BigSnarf blog

Infosec FTW

Monthly Archives: January 2013

The emergence of a new security role – Security Data Analytics Engineer

Screen Shot 2013-01-30 at 7.23.46 PM

Security Data Analytics Engineer shall be responsible for carrying out engineering tasks to deliver a clustered computing environment.  The engineer shall design and build large-scale security data analytics platforms, using open source software and tools, Cloud based tools and COTS technologies. The engineer shall establish a security data analytics system that produces manageable, actionable intelligence from massive streams of a structured and semi-structured security data.

This is a broad engineering role which requires years of defensive security experience, automating data feeds from different sources, and encompasses building of the core frameworks and platforms to deal with the complexities of ingesting, storing, and manipulating masses of data in real-time.

This engineering role will research and analyse large volumes of data by applying advanced analytical tools and methodologies, build data analytic pipelines, build data processing pipelines, and drive analytical reports to security analysts and investigators for situational awareness.

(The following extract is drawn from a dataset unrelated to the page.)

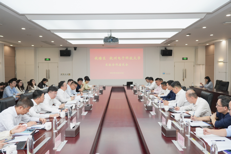 10月12日上午,钱塘新区党工委副书记、区长沈燕俊,区委常委、钱塘科学城党工委书记周妙荣,区委常委、副区长徐进,副区长马于惠等一行来我校调研座谈。校党委书记吴卿对沈燕俊一行的到来表示欢迎,并陪同参观“在杭电看见数字科技成果”展。校长陈积明出席座谈会。
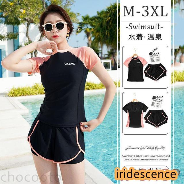 水着レディース 体型カバー 上下セット タンキニ ショートパンツフィットネス水着 セパレート 中学生水着 半袖 競泳水着 2点セット ママ水着 オトナ女子

The reports and analytics dashboards provide analysts and investigators the ability to identify, process, and comprehend critical elements of information about what is happening.

Job Qualifications:

Software engineering, machine learning, data mining, modelling users, modelling attackers, data visualization, big data, data analytics, investigations, ETL, data munging, data wrangling, pipeline automation, Information Security, DFIR. 25 percent Infosec, 25 percent DFIR, 25 percent business knowledge, 25 percent analytics expertise, 25 percent technological capabilities and 25 percent visualization.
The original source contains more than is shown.